*Exercise data:*
■ ■ ■

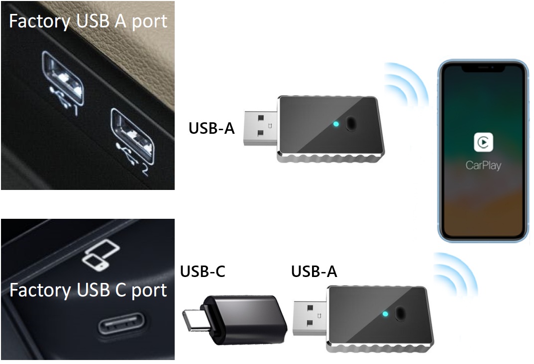 Univerzální miniaturní adaptér pro bezdrátové připojení Apple CarPlay / AndroidAuto. Určen pro vozidla s jednotkou Apple CarPlay/Android Auto s připojením po kabelu. Ovládání podporovaných aplikací zůstává zachováno dotykovým displejem, tlačítky na volantu, případně jiným způsobem. Jednoduché zapojení modulu - do USB slotu vozidla určeného pro telefon. Telefon se připojuje k jednotce vozidla přes modul automaticky (po prvotním BT spárování).
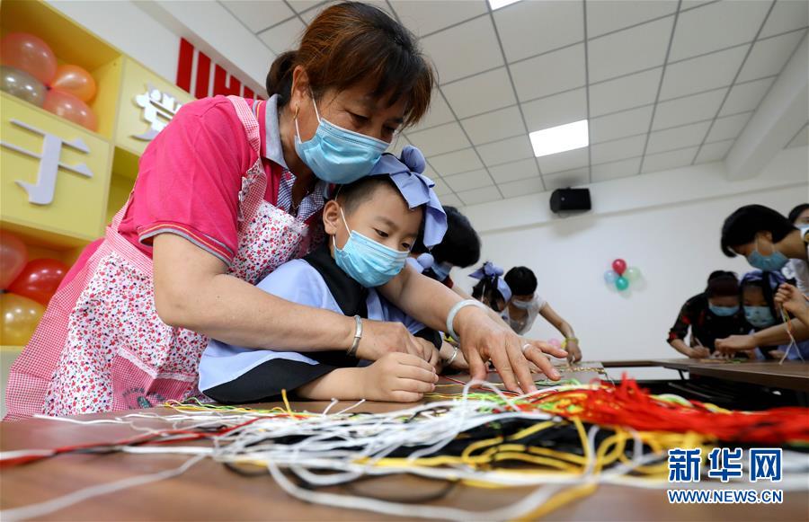6月24日,在石家庄市桥西区汇通街道留村社区,社区小朋友在大人的指导下学编五彩绳。 端午佳节将至,各地群众举行了多种多样的活动迎接这一传统节日。 新华社发(梁子栋 摄)
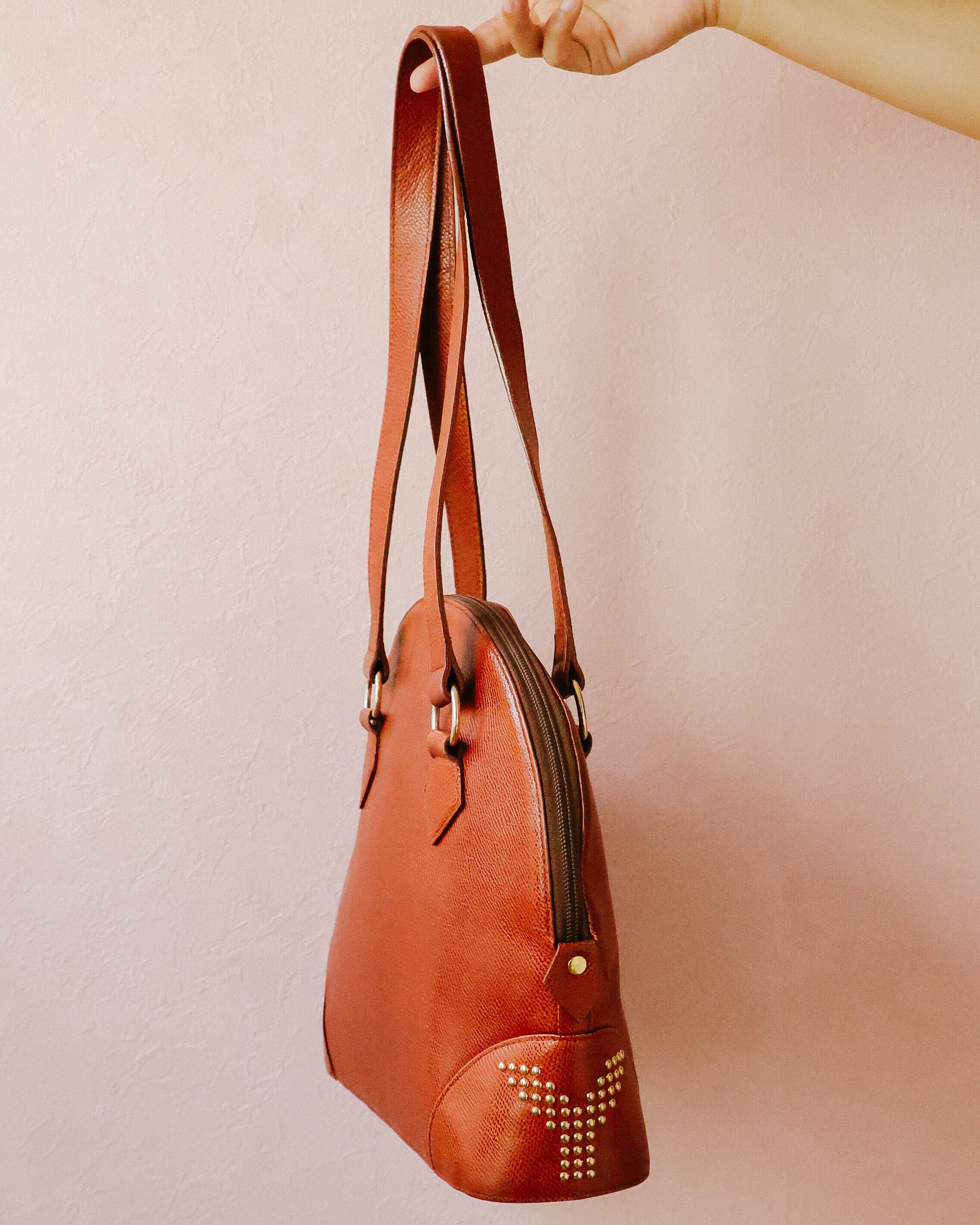 サイドに付いたYマークのゴールドスタッズがエッジを利かせたデザインで、クラシックスタイルはもちろんカジュアルスタイルとも相性抜群◎収納力のある優秀なサイズの上に、ダブルになった持ち手が長く肩にもすんなりかけられます。またファスナー口で安心感があり、オフィスや小旅行などにも使え、永年使いたいバッグです。
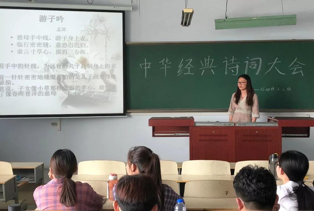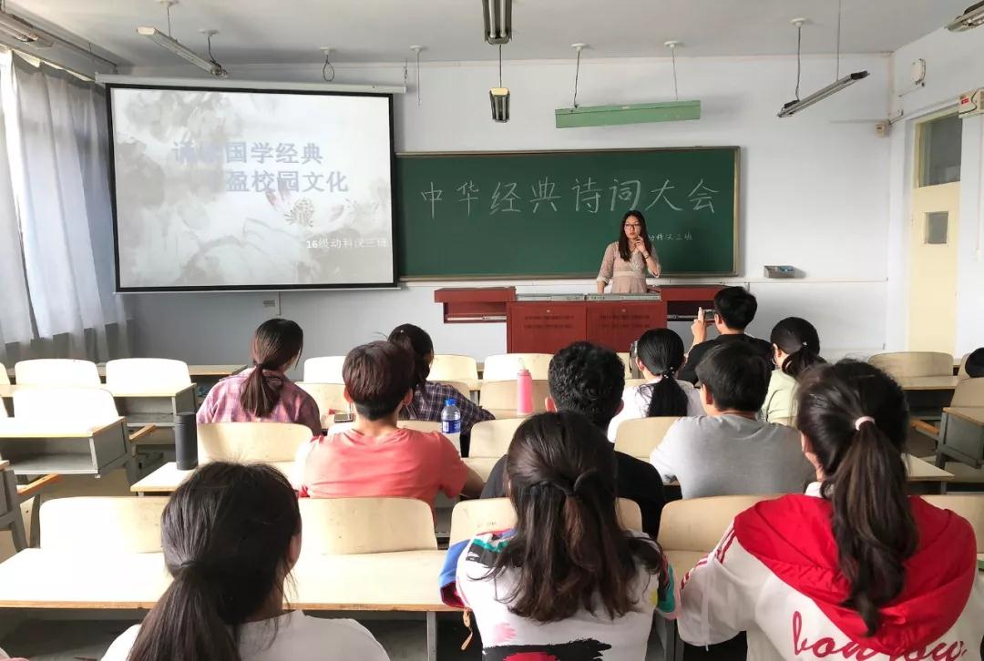 为弘扬中华优秀传统文化,切实加强中国特色社会主义文化建设。6月1日,16级动科汉三班在博学楼406举办了“中华经典诗词朗读大会”,团支书张崇姸主持此次班会。
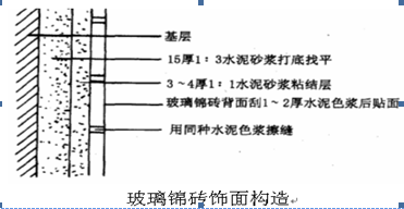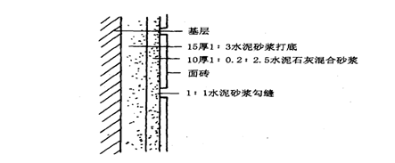 面砖应先放入水中浸泡,安装前取出晾千或擦干净,安装时先抹15mm 1:3水泥砂浆找底并划毛,再用1:0.3:3水泥石灰混合砂浆或用掺有107胶(水泥用量5%~7%)的1:2.5水泥砂浆满刮l0mm厚于面砖背面紧粘于墙上。对贴于外墙的面砖常在面砖之间留出一定缝隙(如图)。

■ ■ ■

*Task objective:*
Every line from the one containing "サイドに付いたYマークのゴー" through the last line of the listing must be written out again exactly, and no other line. Leave the pictures aside.

*Result:*
 サイドに付いたYマークのゴールドスタッズがエッジを利かせたデザインで、クラシックスタイルはもちろんカジュアルスタイルとも相性抜群◎収納力のある優秀なサイズの上に、ダブルになった持ち手が長く肩にもすんなりかけられます。またファスナー口で安心感があり、オフィスや小旅行などにも使え、永年使いたいバッグです。
 为弘扬中华优秀传统文化,切实加强中国特色社会主义文化建设。6月1日,16级动科汉三班在博学楼406举办了“中华经典诗词朗读大会”,团支书张崇姸主持此次班会。
 面砖应先放入水中浸泡,安装前取出晾千或擦干净,安装时先抹15mm 1:3水泥砂浆找底并划毛,再用1:0.3:3水泥石灰混合砂浆或用掺有107胶(水泥用量5%~7%)的1:2.5水泥砂浆满刮l0mm厚于面砖背面紧粘于墙上。对贴于外墙的面砖常在面砖之间留出一定缝隙(如图)。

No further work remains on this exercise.